When their Irish Mobster husbands are sent to prison, three Hell’s Kitchen housewives begin running the rackets and taking care of business in their neighborhood. That’s the terrific premise of this mid-70s New York period fantasy, the directorial début of screenwriter Andrea Berloff (World Trade Center, Straight Outta Compton, Sleepless). Unfortunately, this ambitious picture fails on every level, most notably because of its abrasively inconsistent tone. Unsure if it’s a bloody crime drama about how power corrupts three anti-heroines and drags them down to the level of the violent men they supplant, or a work-place comedy about female empowerment where a plucky trio create superior ways of running a complex system that once relegated them to powerless positions, this film attempts the impossible task of being both. It’s “9 to 5 meets The Godfather,” a high-concept pitch that might sound good but is difficult to picture actually working on screen because this is a story about brutal gangland racketeering and murdering anyone who gets in the way—not exactly a laugh riot.
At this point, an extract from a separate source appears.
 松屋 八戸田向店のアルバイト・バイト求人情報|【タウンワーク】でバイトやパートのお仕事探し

The source material is a comic book miniseries by Ollie Masters and Ming Doylewith, and one can imagine how this story might play just fine in that stylized graphic format, where fragmented narratives are the norm and written statements by drawn characters don’t necessarily need to read like authentic dialogue. But cinematic storytelling differs wildly from comic book narratives—all current blockbuster trends notwithstanding—especially when setting a film in a realistic historical setting and centering on characters who didn’t come from another planet and haven’t been bitten by radioactive spiders. The Kitchen adds up to nothing more than a bunch of loose thematic ideas hung on two-dimensional characters embodied by presentational performances of declarative dialogue.
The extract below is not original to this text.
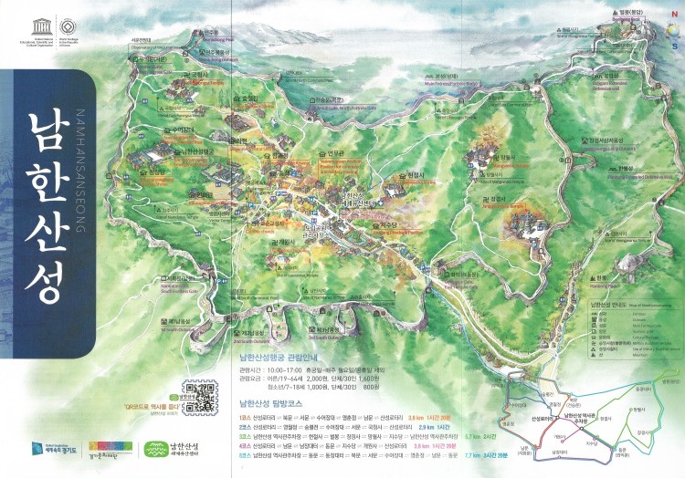 Given my time constraints and preference for an easy stroll, the suggestion was a hybrid trail combining elements of Course 1 and Course 2 (n.b.: I’m using the numbers on the map above). This would allow me to cover a good chunk of Namhansanseong’s northwestern corner and enjoy one of its best viewpoints. I was advised to follow Course 1 north from the town centre to Bukmun (the northern gate), then west and south along the old ramparts as far as Seomun (the western gate) and Sueojangdae (the western command post). But instead of continuing south beyond that point, I’d cut the trail short by heading back east on the downward section of Course 2, ending my visit at Namhansanseong Haenggung (the royal palace near the centre of town).

The three leads (Melissa McCarthy, Tiffany Haddish, and Elisabeth Moss) have so little chemistry it’s as if they were each doing a TV series centered on their character and suddenly found themselves thrown together in this movie. Likewise, Berloff plays some of their despicable actions for broad laughs, and some as horrific, morally compromising acts that forever change their lives. It feels as if scenes from two different pictures with identical casts, sets, and visual style were randomly edited together. This schizophrenic nature permeates every aspect of The Kitchen, making it one of the most frustrating pictures in a year of deeply disappointing movies.
Twitter Capsule:Tonally schizophrenic gangster fantasy about Hell's Kitchen housewives who take over the Irish mafia. Comic-book roots on full display: fragmented narrative, vast gaps in logic, and flat characterizations embodied by presentational performances of declarative dialogue.